▸ Work to be completed:
Word for word, copy the lines beginning at the one with "Keywords: baps hindu" and ending at the last line below; pictures stay out.

+++ Material provided

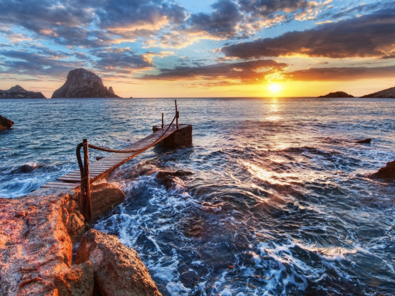 Широкоформатная обойка прекрасного расвета на берегу моря - 1280x960
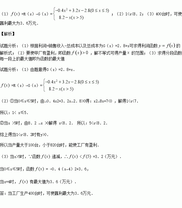 (万元),其中固定成本为2.8万元,并且每生产1百台的生产成本为1万元(总成本=固定成本+生产成本),销售收入
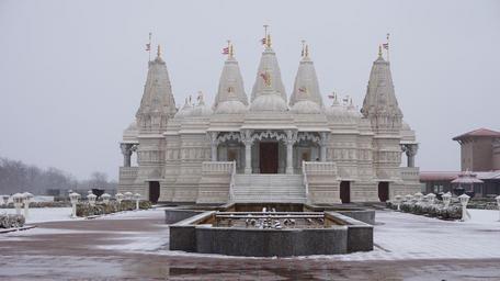 Keywords: baps hindu temple religion snow white winter faith hindu god religious place sacred chicago united states
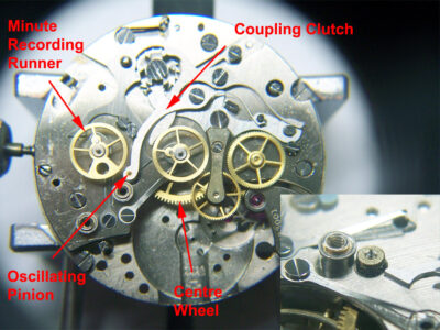 Much like the Valjoux cal. 92, the mechanism is controlled by an oscillating pinion (inset) which is constantly driven by the centre wheel. Only when the chronograph is engaged does the coupling clutch move across and the pinion is then in contact with the minute recording runner, moving it forward.

++++++

▸ Solution for this task:
 Keywords: baps hindu temple religion snow white winter faith hindu god religious place sacred chicago united states
 Much like the Valjoux cal. 92, the mechanism is controlled by an oscillating pinion (inset) which is constantly driven by the centre wheel. Only when the chronograph is engaged does the coupling clutch move across and the pinion is then in contact with the minute recording runner, moving it forward.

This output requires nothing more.